-- RECORDS SHOWN follows --

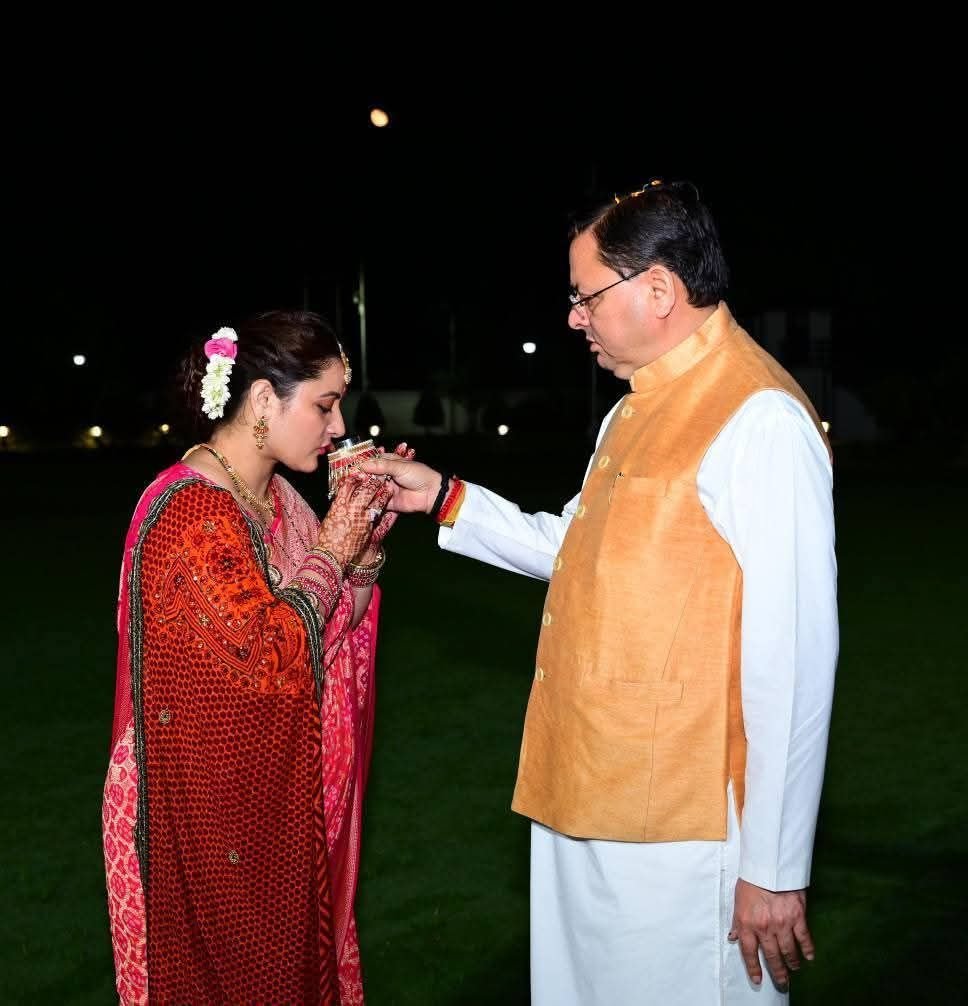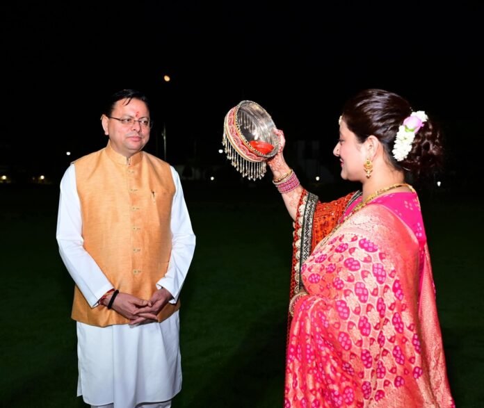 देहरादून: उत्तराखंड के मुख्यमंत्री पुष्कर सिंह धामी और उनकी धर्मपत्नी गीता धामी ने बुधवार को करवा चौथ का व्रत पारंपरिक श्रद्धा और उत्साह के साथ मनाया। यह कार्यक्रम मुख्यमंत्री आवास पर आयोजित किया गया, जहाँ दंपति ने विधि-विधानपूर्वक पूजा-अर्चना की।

-- RECORDS SHOWN concluded --
-- RECORDS SHOWN follows --

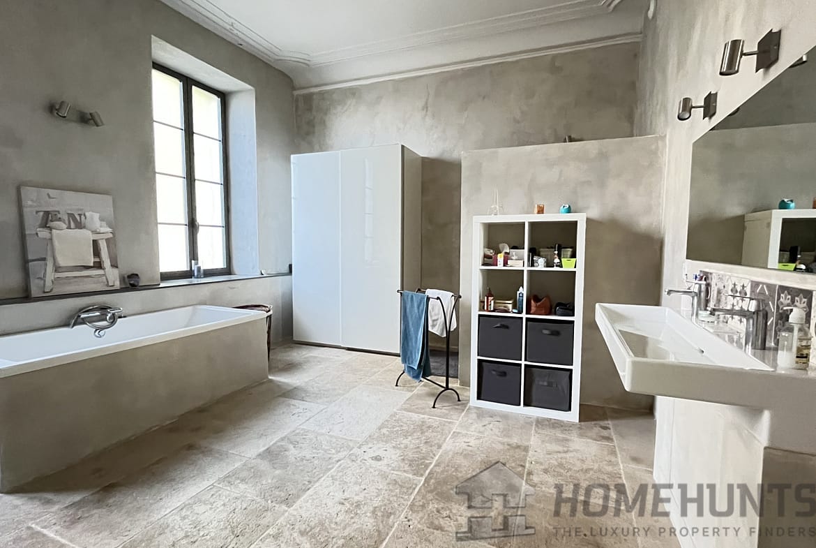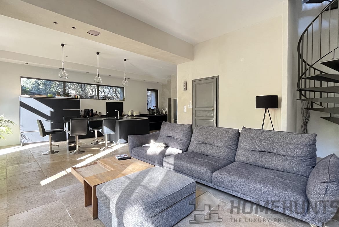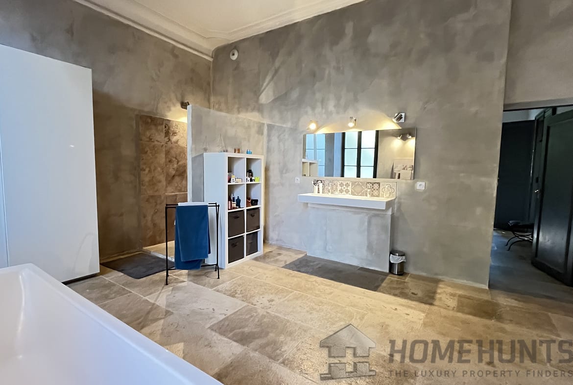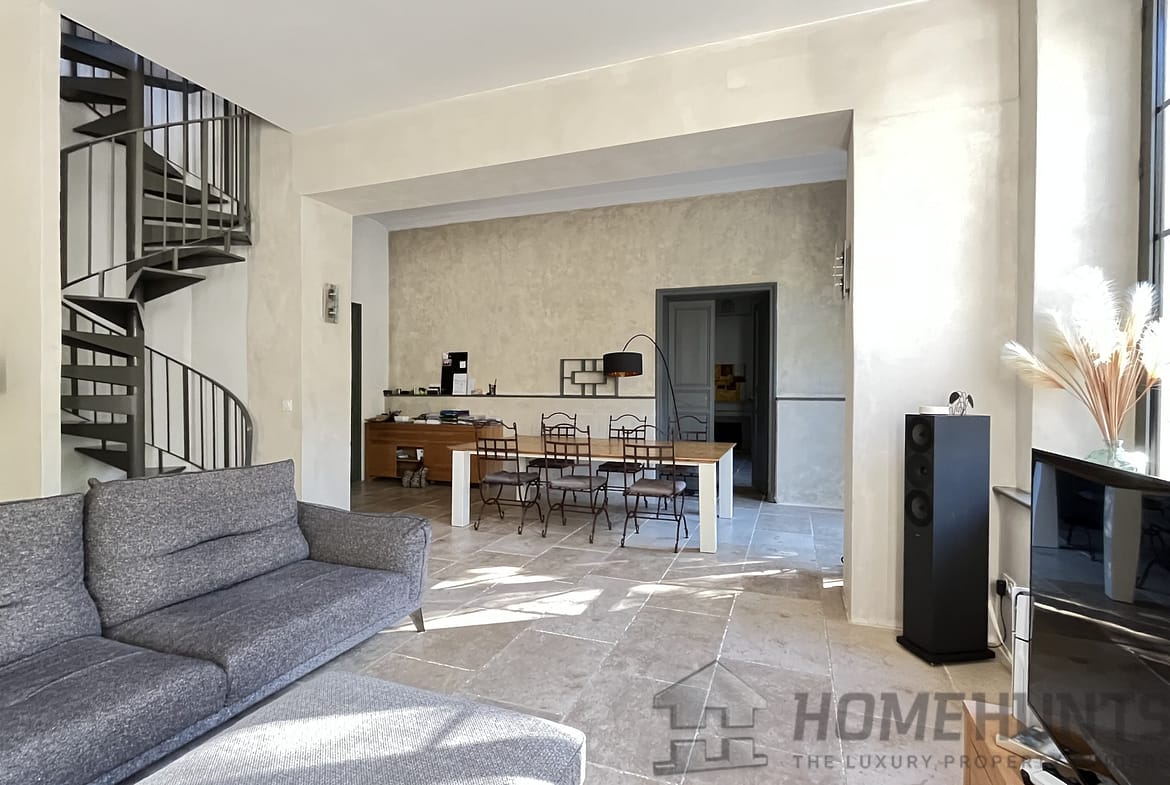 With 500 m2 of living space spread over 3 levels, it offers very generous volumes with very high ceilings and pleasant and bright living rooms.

-- RECORDS SHOWN concluded --
-- RECORDS SHOWN follows --

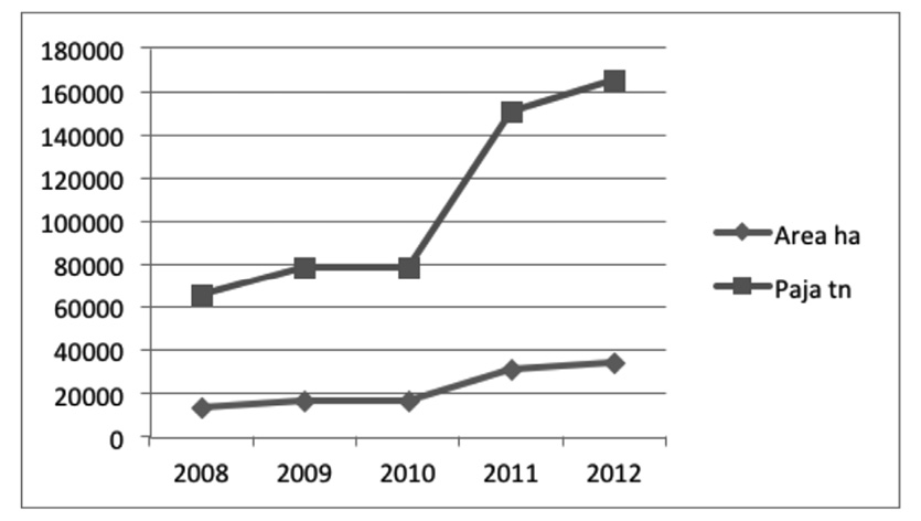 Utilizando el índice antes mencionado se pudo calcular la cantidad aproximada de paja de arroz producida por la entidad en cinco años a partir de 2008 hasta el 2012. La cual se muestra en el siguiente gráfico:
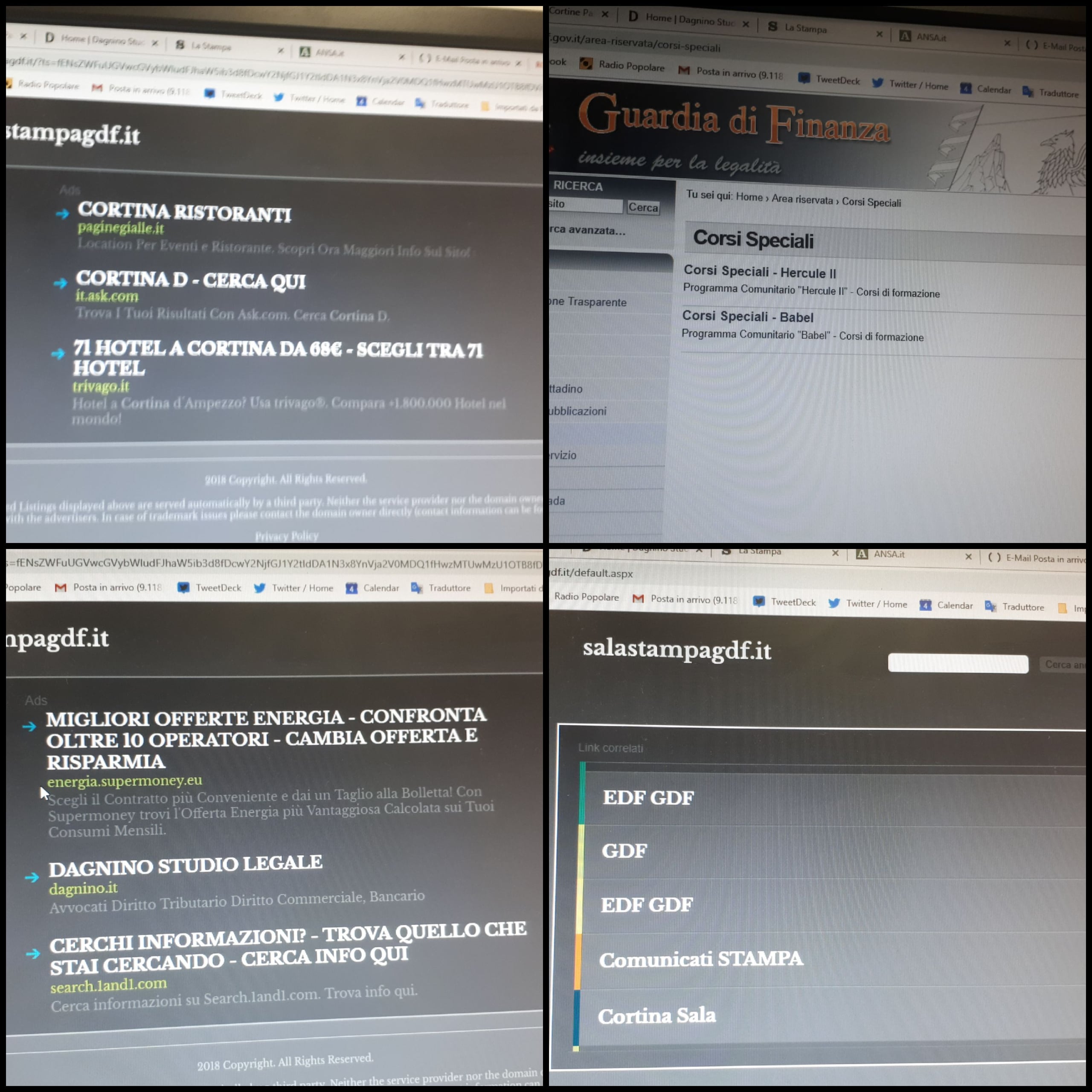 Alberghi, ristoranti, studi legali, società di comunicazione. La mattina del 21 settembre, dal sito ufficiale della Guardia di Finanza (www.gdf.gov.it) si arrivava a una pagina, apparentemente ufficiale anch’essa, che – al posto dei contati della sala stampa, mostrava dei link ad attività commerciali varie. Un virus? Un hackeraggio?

-- RECORDS SHOWN concluded --

= WHAT IS NEEDED =
What is needed is an exact copy of the lines above, from the one holding "Utilizando el índice" down to the one holding "Alberghi, ristoranti, studi", with those two included and the pictures left out.

= OUTPUT BELOW =
 Utilizando el índice antes mencionado se pudo calcular la cantidad aproximada de paja de arroz producida por la entidad en cinco años a partir de 2008 hasta el 2012. La cual se muestra en el siguiente gráfico:
 Alberghi, ristoranti, studi legali, società di comunicazione. La mattina del 21 settembre, dal sito ufficiale della Guardia di Finanza (www.gdf.gov.it) si arrivava a una pagina, apparentemente ufficiale anch’essa, che – al posto dei contati della sala stampa, mostrava dei link ad attività commerciali varie. Un virus? Un hackeraggio?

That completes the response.